Results: The mean age of participants in the Trushield NXT and SOC group was 28.38±4.97 and 27.28±6.03, respectively. Statistically significant difference favouring Trushield NXT was observed between the two groups of Trushield NXT and SOC in terms of ASEPSIS scoring (6.97±0.63 vs. 7.04±0.61; p-value <0.0001), dressing time (39.16 vs 101.07 secs; p-value <0.0001), pain score (3.28 vs 3.82; day 8), pain during dressing removal (30.63 vs 59.2; p-value <0.0001) and patient satisfaction (3.71 vs 3.24; p-value <0.0001).

Conclusion: Trushield NXT was found to be superior to SOC for postoperative wound management in obstetric and gynaecological surgeries.

Keywords

ASEPSIS score, Cotton dressing, Pain, Surgical site infection

The Centre for Disease Control and Prevention (CDC) defines Surgical Site Infection (SSI) as an infection related to a surgical procedure that occurs near the surgical site within 30 days following surgery (or up to 90 days following surgery where an implant is involved) (1). Among hospital-acquired infections in lower-income and middle-income countries, SSI is the most frequently reported one, accounting for approximately 11.8% cases (2),(3). For postoperative morbidity and mortality, SSI is one of the major contributors in India, and the range varies from 1.6-3.8% depending on the surgery type, hospital setting, administration of the perioperative or prophylactic antibiotics, and patient co-morbidities (4),(5). A meta-analysis emphasises the explicit relationship between wound dressing and SSI. As a surgical incision site is at high risk of microbial colonisation, in such cases, a wound dressing with additional infection-preventing properties may prevent such infections and protect the wound from microbial contamination (6).

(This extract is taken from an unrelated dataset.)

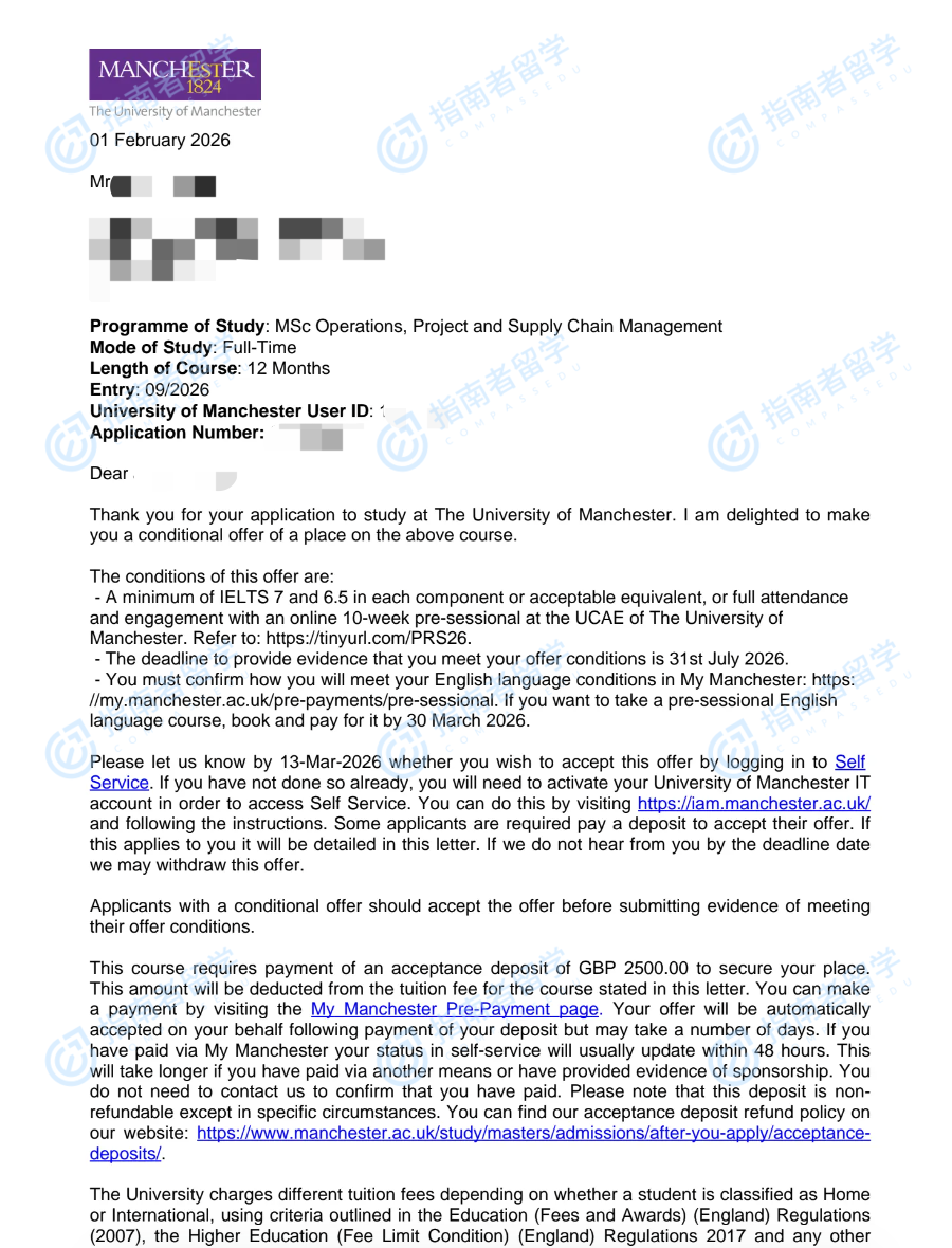 曼徹斯特大學運營、項目與供應鏈管理理學碩士研究生offer一枚

Trushield NXT non adherent wound dressing is a 3-Dimensional (3D) knitted hydrocellular textile substrate made of Polyethylene Terephthalate (PET) and Polyurethane (PU), which is permanently bound and cross polymerised, cross-linked with “Dimethyl Tetradecyl {3-(trimethoxysilyl) propyl} Ammonium Chloride” (DTAC) that is immobilised on the substrate and does not leach out of the dressing (7). It is already a marketed product with evidence of comparative benefits, generated based on the the oretical properties and personal experience of its use by surgeons. Standard of Care (SOC) dressing includes povidone-iodine solution and cotton gauze which is secured in place by a leucoplast adhesive pad. An in-vitro study conducted to assess the antimicrobial properties of the Trushield NXT dressing, suggests that it shields against a wide range of microorganisms over a time period of one minute to 28 days thus supporting effective and significant wound healing (8). Till now, there is no randomised clinical trial conducted with Trushield NXT non adherent wound dressing, Hence, there is a need to generate robust, unbiased evidence on Trushield NXT over SOC in routine practice.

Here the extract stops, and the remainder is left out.